The total of 16-17-year olds not in full time education has increased by 25,000 (174,000 to 199,000) since 2018, alongside a 3,000 increase in the 16-17 population over the same time-period.
Of the 25,000 increase:
- 5000 can be found in the increased employment level – 85,000 from 80,000
- 11,000 can be found in the increased unemployment level – 27,000 from 16,000
- 8,000 can be found in the increased economically inactive level – 86,000 from 78,000
(figures don’t add up to 25,000 exactly due to rounding)
The total of 16-17-year olds not in full time education who are unemployed now makes up 24% of the 16-17 economically active population, where it only made up 16.5% a year earlier.
The population of 18-24-year olds has decreased by 82,000 in the past year. With this, it appears that the total and percentage of unemployed young people aged 18-24 has increased.
- The employment rate for 18-24-year olds not in full time education has dropped by 1.5% to 75.5%
- The proportion of 18-24-year olds not in full time education who are unemployed is 9%, up from 7.7% a year earlier
- The unemployment level for all aged 18 to 24 not in full-time education rose by 41,000 to 330,000 from 289,000 a year earlier
The trend for 2019 appears to be flowing against the positive one witnessed over the past 6 years. This comes as market uncertainty lingers with no clarity offered on the Brexit situation, which the Learning and Work Institute has suggested may be slowing, and in this case, beginning to reverse the positive trends observed over the past 6 years. Referring to survey evidence, they also report that current high levels of economic uncertainty are impacting negatively on companies’ hiring decisions which could be exacerbating the unemployment situation.
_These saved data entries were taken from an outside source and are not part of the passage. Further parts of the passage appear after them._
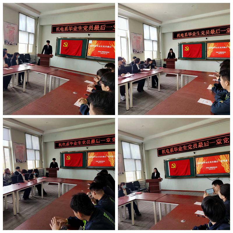 为毕业生党员上最后一次党课,是机电工程系党总支工作的重要内容。毕业生党员再一次接受党性教育,是一次锤炼党性、凝心铸魂的思想政治洗礼,进一步坚定了毕业生党员的理想信念和宗旨意识。希望2024届毕业生党员牢记母校嘱托,担当青年使命,以昂扬姿态踏上人生的新征程,以奋进青春建功新时代,以实际行动为母校增光、为党旗添彩,让青春在全面建设社会主义现代化国家的火热实践中绽放绚丽之花。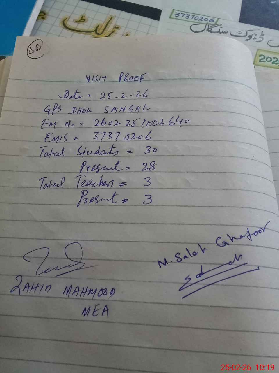 | EMIS Code: 37370206 | Name of School: GPS DHOK SANGAL | |||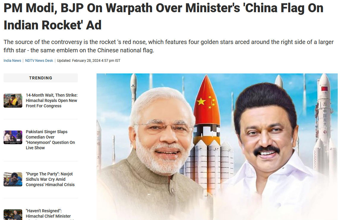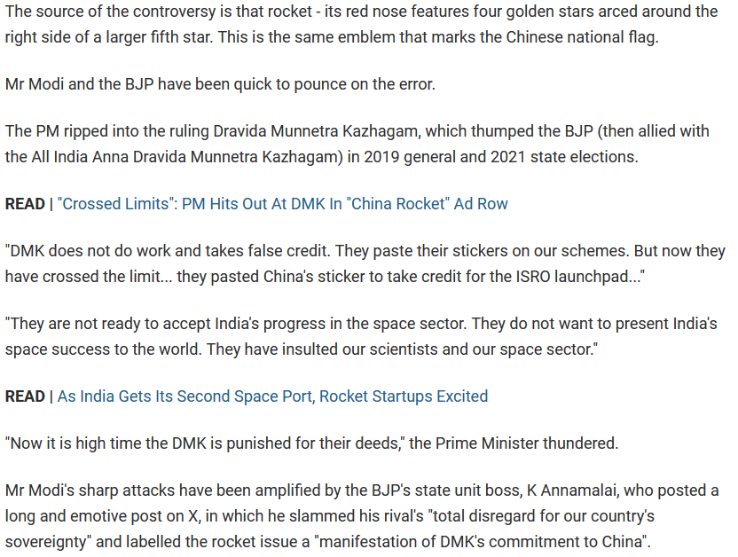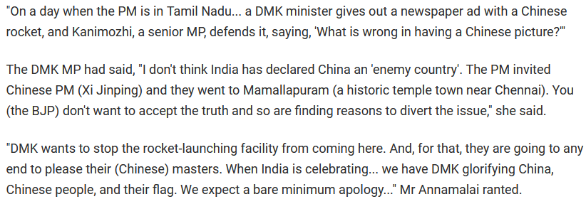 உலகத்தின் மிகச் சிறந்த திராவிடமாடல் மூளைத்திறன்படி, அதிதிறமை வாய்ந்த அமோக முதலையமைச்சர் தி முக இசுடாலிர் வழிகாட்டலில், அமைச்சர் அனிதா ராதாகிருஷ்ணன் இந்திய ராக்கெட் மீது சைனாக்கார இசுடிக்கர் ஒட்டியது…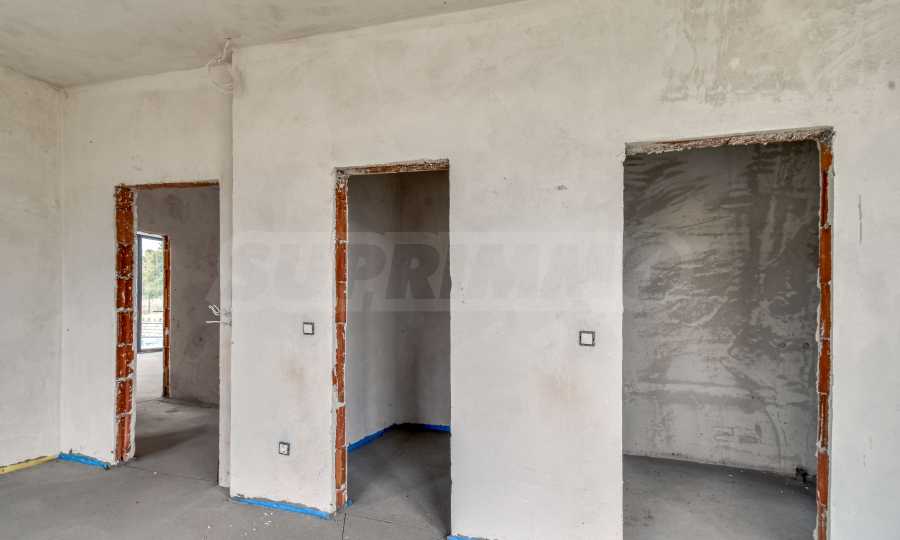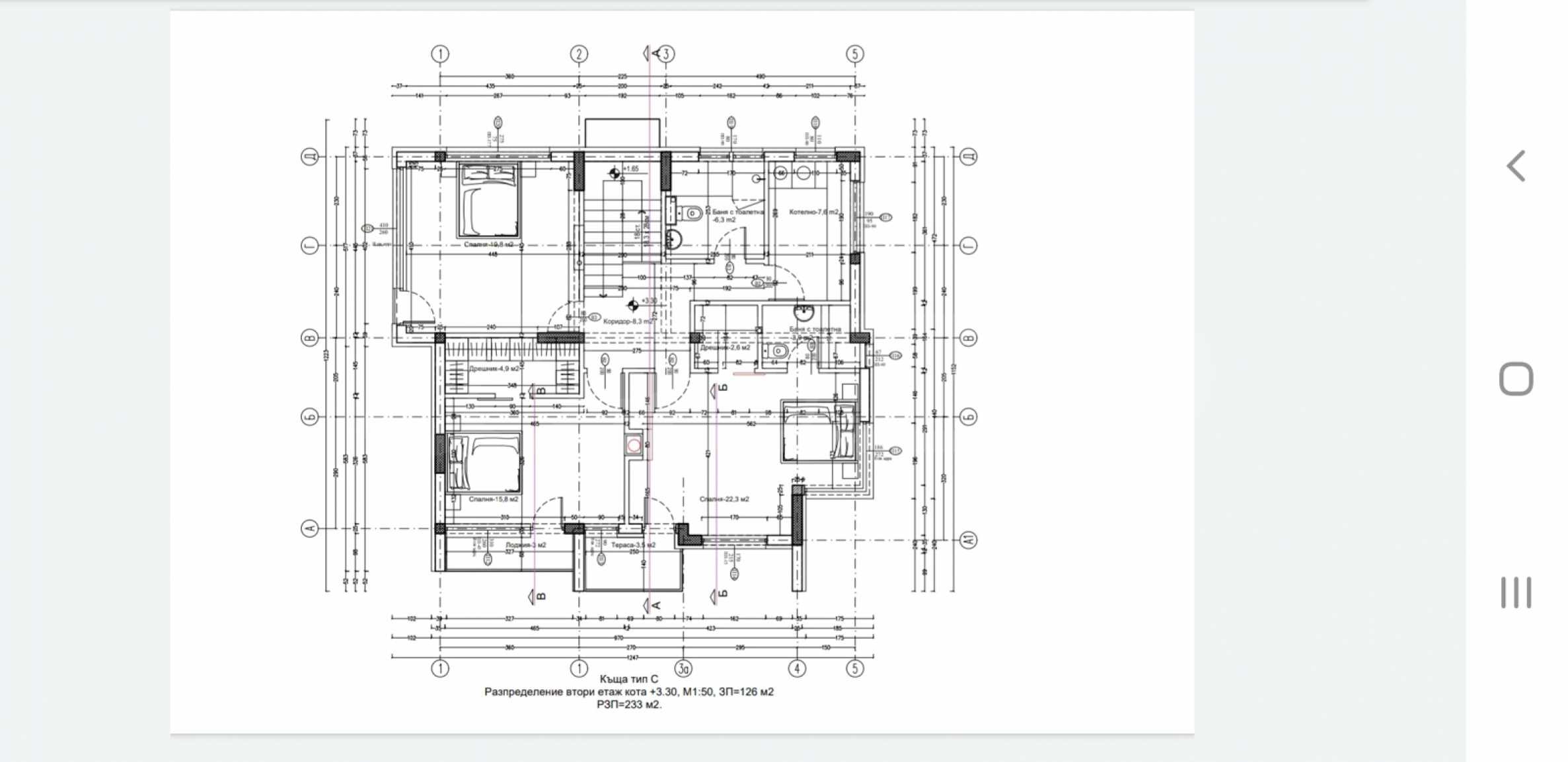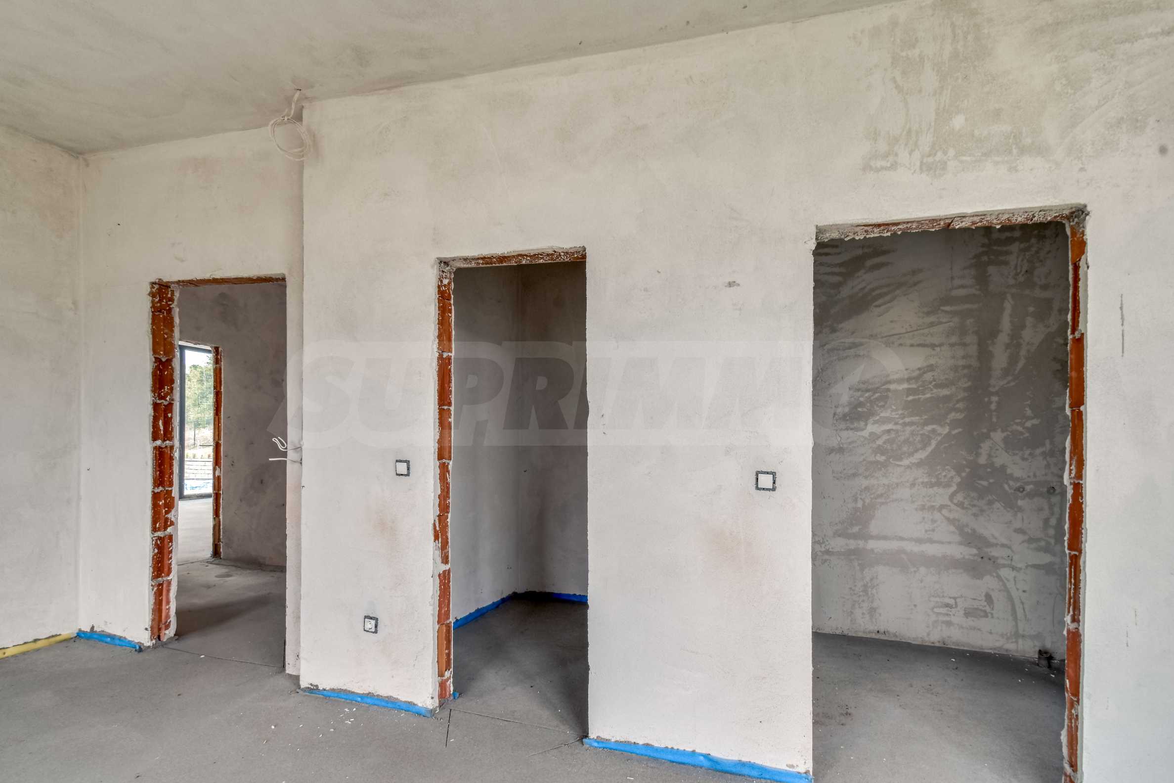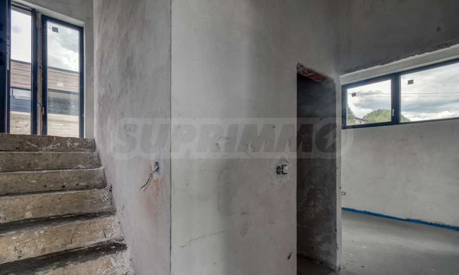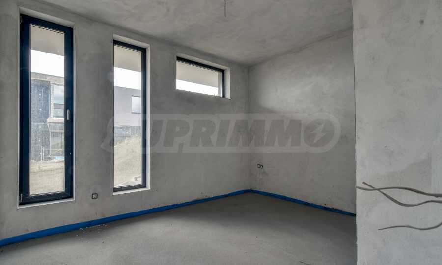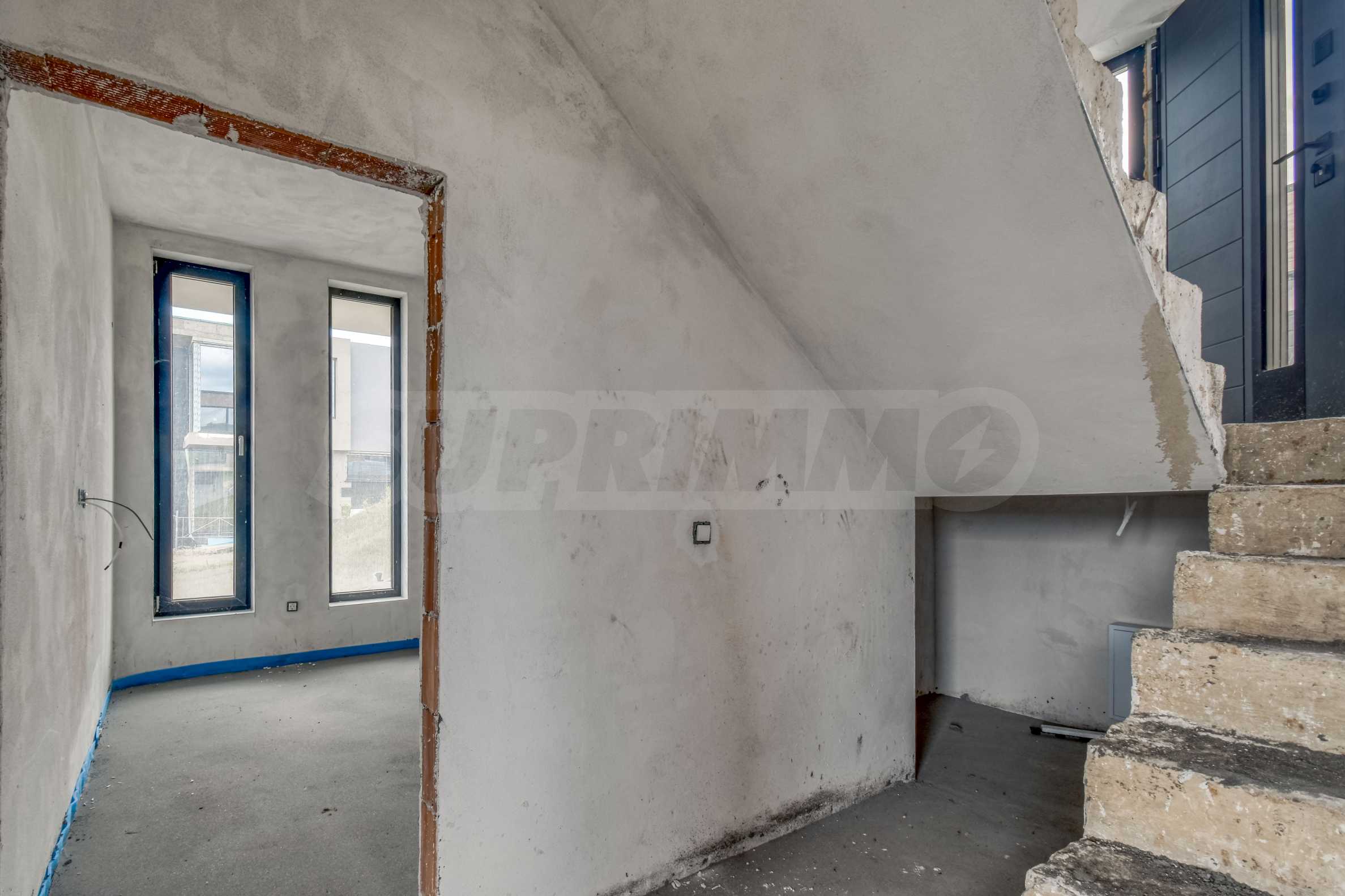 Двуетажните къщи предлагат функционално разпределение от 233 кв.м. РЗП, включващо просторна дневна зона, кухня, офис или спалня, санитарно помещение на първия етаж, както и три спални, гардеробна, мокро помещение и две бани на втория. Гаражите с площ 55 кв.м. и практичните складови пространства осигуряват пълен комфорт за всяко семейство.

When broken down by gender, unemployment rates for 16-24-year olds not in education paint unequal outcomes for young men and boys. For young men and boys in this cohort, the unemployment rate has increased by 2.9%, in contrast with the milder 0.4% increase for women and girls. In terms of unemployed levels, for women and girls its 124,000 and for men and boys its 233,000. Our look at the latest NEET stats published in August 2019 revealed a similar gender disparity with 208,000 male unemployed NEETs and 122,000 female NEETs. No mainstream consensus exists to explain why males are disproportionately experiencing this latest downward trend, but we are continuing to follow the situation.